Advanced agent properties
(For the general concept of an agent, see standard agent properties.)
Introduction: ‘Advanced’ as an informal property, or metasyntactic placeholder
“Sufficiently advanced Artificial Intelligences” are the subjects of AI alignment theory; machine intelligences potent enough that:
The safety paradigms for advanced agents become relevant.
Such agents can be decisive in the big-picture scale of events.
Some example properties that might make an agent sufficiently powerful for 1 and/or 2:
The AI can learn new domains besides those built into it.
The AI can understand human minds well enough to manipulate us.
The AI can devise real-world strategies we didn’t foresee in advance.
The AI’s performance is strongly superhuman, or else at least optimal, across all cognitive domains.

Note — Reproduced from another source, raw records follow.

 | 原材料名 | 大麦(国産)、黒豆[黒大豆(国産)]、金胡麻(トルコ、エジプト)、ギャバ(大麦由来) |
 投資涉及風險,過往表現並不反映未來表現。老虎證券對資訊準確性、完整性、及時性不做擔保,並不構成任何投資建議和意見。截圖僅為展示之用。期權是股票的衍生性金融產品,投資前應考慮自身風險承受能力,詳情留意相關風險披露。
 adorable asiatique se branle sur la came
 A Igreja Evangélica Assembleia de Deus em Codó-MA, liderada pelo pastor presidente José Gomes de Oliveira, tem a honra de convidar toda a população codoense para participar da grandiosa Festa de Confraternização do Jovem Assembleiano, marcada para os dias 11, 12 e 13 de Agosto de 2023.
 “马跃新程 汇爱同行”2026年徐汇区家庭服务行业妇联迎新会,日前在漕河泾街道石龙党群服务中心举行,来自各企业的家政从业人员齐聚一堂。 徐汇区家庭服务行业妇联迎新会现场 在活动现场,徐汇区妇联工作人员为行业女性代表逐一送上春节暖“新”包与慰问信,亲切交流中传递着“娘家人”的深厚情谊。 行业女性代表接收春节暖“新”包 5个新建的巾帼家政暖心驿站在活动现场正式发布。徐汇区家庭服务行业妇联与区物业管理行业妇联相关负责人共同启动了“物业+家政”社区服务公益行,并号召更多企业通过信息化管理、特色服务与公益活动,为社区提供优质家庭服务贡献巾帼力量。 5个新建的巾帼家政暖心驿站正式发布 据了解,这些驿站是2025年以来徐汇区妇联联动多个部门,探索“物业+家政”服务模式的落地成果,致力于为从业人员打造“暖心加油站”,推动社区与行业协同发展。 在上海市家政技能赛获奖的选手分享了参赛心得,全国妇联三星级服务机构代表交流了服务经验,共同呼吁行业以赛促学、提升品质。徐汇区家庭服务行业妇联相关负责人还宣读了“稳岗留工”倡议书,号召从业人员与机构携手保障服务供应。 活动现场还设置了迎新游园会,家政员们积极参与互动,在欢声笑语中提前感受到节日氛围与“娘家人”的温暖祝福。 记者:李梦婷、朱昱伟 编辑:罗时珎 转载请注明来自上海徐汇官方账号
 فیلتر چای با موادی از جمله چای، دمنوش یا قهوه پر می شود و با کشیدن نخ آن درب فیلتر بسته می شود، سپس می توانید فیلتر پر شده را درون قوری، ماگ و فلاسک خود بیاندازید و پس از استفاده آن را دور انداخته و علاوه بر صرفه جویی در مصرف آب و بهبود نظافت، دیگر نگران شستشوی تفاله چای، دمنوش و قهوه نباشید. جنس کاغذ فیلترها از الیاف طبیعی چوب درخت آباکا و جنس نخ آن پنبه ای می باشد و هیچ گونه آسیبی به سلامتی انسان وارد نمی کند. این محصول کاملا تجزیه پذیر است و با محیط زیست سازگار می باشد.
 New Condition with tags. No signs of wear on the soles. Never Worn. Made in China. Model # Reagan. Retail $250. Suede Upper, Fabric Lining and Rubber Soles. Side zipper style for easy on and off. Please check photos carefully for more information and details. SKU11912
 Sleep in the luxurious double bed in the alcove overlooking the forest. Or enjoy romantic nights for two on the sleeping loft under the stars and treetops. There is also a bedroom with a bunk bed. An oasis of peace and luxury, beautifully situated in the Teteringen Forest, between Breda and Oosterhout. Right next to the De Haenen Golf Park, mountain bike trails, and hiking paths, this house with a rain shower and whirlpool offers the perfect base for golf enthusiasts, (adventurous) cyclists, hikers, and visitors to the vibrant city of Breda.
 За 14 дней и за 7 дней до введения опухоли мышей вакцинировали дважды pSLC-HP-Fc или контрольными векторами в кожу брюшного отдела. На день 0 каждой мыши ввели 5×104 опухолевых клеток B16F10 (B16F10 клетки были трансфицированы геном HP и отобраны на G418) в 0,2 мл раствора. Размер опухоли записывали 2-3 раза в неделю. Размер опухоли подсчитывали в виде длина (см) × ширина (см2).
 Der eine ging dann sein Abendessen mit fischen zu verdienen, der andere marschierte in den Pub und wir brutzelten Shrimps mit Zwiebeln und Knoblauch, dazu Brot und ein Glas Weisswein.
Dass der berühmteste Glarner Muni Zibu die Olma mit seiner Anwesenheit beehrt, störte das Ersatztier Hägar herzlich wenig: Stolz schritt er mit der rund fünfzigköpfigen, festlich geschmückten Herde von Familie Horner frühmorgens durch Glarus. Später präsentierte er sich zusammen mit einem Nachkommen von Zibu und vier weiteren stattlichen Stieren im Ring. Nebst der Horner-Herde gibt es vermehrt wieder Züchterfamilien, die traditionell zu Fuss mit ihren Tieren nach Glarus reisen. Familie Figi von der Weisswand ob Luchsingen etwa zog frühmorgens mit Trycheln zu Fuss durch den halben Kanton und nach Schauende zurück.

Since there’s multiple avenues we can imagine for how an AI could be sufficiently powerful along various dimensions, ‘advanced agent’ doesn’t have a neat necessary-and-sufficient definition. Similarly, some of the advanced agent properties are easier to formalize or pseudoformalize than others.
As an example: Current machine learning algorithms are nowhere near the point that they’d try to resist if somebody pressed the off-switch. That would happen given, e.g.:
Enough big-picture strategic awareness for the AI to know that it is a computer, that it has an off-switch, and that if it is shut off its goals are less likely to be achieved.
Widely applied consequentialism, i.e. backward chaining from goals to actions; visualizing which actions lead to which futures and choosing actions leading to more futures, in general and across domains.
So the threshold at which you might need to start thinking about ‘shutdownability’ or ‘abortability’ or corrigibility as it relates to having an off-switch, is ‘big-picture strategic awareness’ plus ‘cross-domain consequentialism’. These two cognitive thresholds can thus be termed ‘advanced agent properties’.
The above reasoning also suggests e.g. that general intelligence is an advanced agent property, because a general ability to learn new domains could lead the AI to understand that it has an off switch.
One reason to keep the term ‘advanced’ on an informal basis is that in an intuitive sense we want it to mean “AI we need to take seriously” in a way independent of particular architectures or accomplishments. To the philosophy undergrad who ‘proves’ that AI can never be “truly intelligent” because it is “merely deterministic and mechanical”, one possible reply is, “Look, if it’s building a Dyson Sphere, I don’t care if you define it as ‘intelligent’ or not.” Any particular advanced agent property should be understood in a background context of “If a computer program is doing X, it doesn’t matter if we define that as ‘intelligent’ or ‘general’ or even as ‘agenty’, what matters is that it’s doing X.” Likewise the notion of ‘sufficiently advanced AI’ in general.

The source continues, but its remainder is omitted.